■ **EXERCISE DATA**
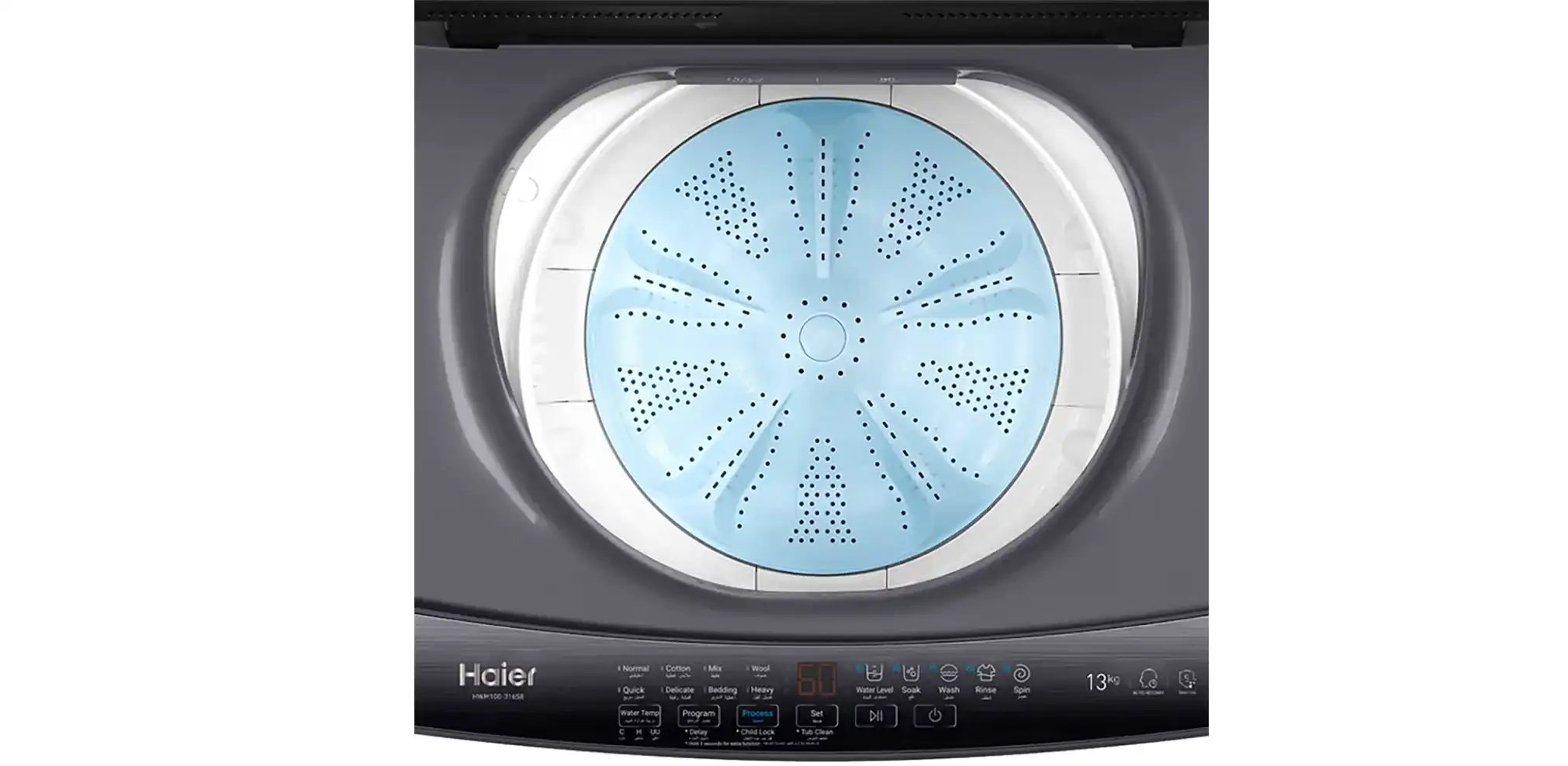 غسالة ملابس فوق أوتوماتيك هاير، 13 كيلو، ديجيتال، تحميل علوي، رمادي - HWM130-316S8
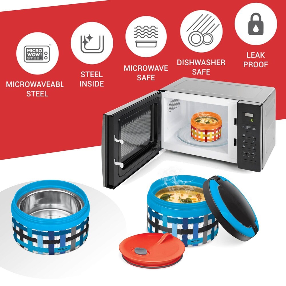 • Microwaveable leak proof containers with inner steel can be used for reheating
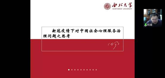 何易讲师分享了“新冠疫情下对中国社会心理服务治理问题之思考”。他主要从病毒的演化特征、世界各国抗疫战略选择、心理需要与心理服务、新冠疫情中的心理服务体系结构、我国社会心理服务体系的发展等五个方面展开分析。何老师认为当前我国社会心理服务体系建设的核心内容是通过心理健康服务来提升人民心理健康水平,促进社会和谐稳定发展;未来则应向更全面的、支撑“五位一体”总体布局的心理建设发展。
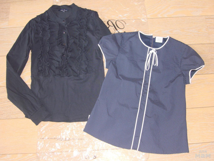 5 фото. Блузка с коротким рукавом Sly, размер 158 идет на рост 152-158, темно-синяя в мелкий белый горох
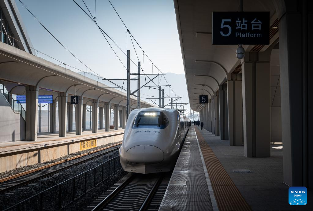 The first passenger train for official operation leaves Honghe Station along the Mile-Mengzi high-speed railway in Honghe Hani and Yi Autonomous Prefecture, southwest China's Yunnan Province, on Dec. 16, 2022. A high-speed railway, linking the cities of Mengzi and Mile in southwest China's Yunnan Province, entered operation on Friday. With a designed speed of 250 km per hour, the new railway has slashed the travel time between Mengzi and Kunming, the provincial capital, to 69 minutes. (Xinhua/Wang Guansen)

■ **WHAT IS REQUIRED**
Would you set down each line of the data exactly, with no images included?

■ **RESULT FOR THIS EXERCISE**
 غسالة ملابس فوق أوتوماتيك هاير، 13 كيلو، ديجيتال، تحميل علوي، رمادي - HWM130-316S8
 • Microwaveable leak proof containers with inner steel can be used for reheating
 何易讲师分享了“新冠疫情下对中国社会心理服务治理问题之思考”。他主要从病毒的演化特征、世界各国抗疫战略选择、心理需要与心理服务、新冠疫情中的心理服务体系结构、我国社会心理服务体系的发展等五个方面展开分析。何老师认为当前我国社会心理服务体系建设的核心内容是通过心理健康服务来提升人民心理健康水平,促进社会和谐稳定发展;未来则应向更全面的、支撑“五位一体”总体布局的心理建设发展。
 5 фото. Блузка с коротким рукавом Sly, размер 158 идет на рост 152-158, темно-синяя в мелкий белый горох
 The first passenger train for official operation leaves Honghe Station along the Mile-Mengzi high-speed railway in Honghe Hani and Yi Autonomous Prefecture, southwest China's Yunnan Province, on Dec. 16, 2022. A high-speed railway, linking the cities of Mengzi and Mile in southwest China's Yunnan Province, entered operation on Friday. With a designed speed of 250 km per hour, the new railway has slashed the travel time between Mengzi and Kunming, the provincial capital, to 69 minutes. (Xinhua/Wang Guansen)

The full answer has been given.